Classmates remember Roosevelt school days

WARREN — Tim Yova of Howland, Joe Pishotti of Warren and Steve Pinko of Johnston, were all in the same kindergarten class at Roosevelt School in Warren. They remained classmates until they graduated together from Warren Harding High School.

More than 50 people who had attended the Roosevelt School on the city’s north end gathered this weekend at Packard Park.

“This is more of a Roosevelt School neighborhood reunion. The school defined the neighborhood,” Yova said.

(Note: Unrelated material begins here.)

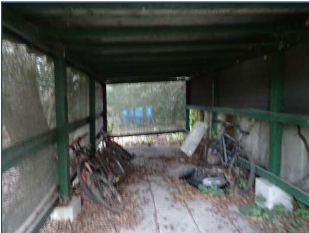
FOTO 12 TETTOIA ADIACENTE INGRESSO PEDONALE

The school was located at the corner of Vernon and Hall avenues and had students who lived from Mahoning Avenue to the Jamestown Plaza. The school, which has been torn down, at one time housed grades kindergarten to six.

Yova said the reunion was started eight years ago by Gordon Hazlette who has since died.

“We try to get together every other year,” he said.

Pishotti said the event allows for reminiscing about the school, teachers and growing up in the neighborhood.

“We talk about what we got away with and didn’t get away with as kids,” Yova said.

The last reunion two years ago was attended by more than 60 people.

Yova, who lived near the school, said it was a nice neighborhood school where everyone knew one another.

“The north end of Warren was a great place to grow up in the 1950s and 1960s,” he said.

Pishotti said because the school was more north centrally located it wasn’t “the east side versus west side of town.”

“We didn’t get caught up in that since we were in the middle.” he said.

Pishotti said the schools lost a lot doing away with neighborhood elementary schools.

“You knew everyone in the school and the neighborhood,” he said noting three generations of his family attended Roosevelt.

Yova said his mother attended the school.

Irma Valerio Laird attended Roosevelt for two years after her family came here from Europe.

“It was a great neighborhood on the north end and great school. The teachers helped me to learn English,” said Laird, who attended the event with her husband, Bob.

Mike Sherokee said all of the families raised good children who were friends in and out of school.

“When they tore the school down, I didn’t get a brick. I wish I had,” Sherokee said.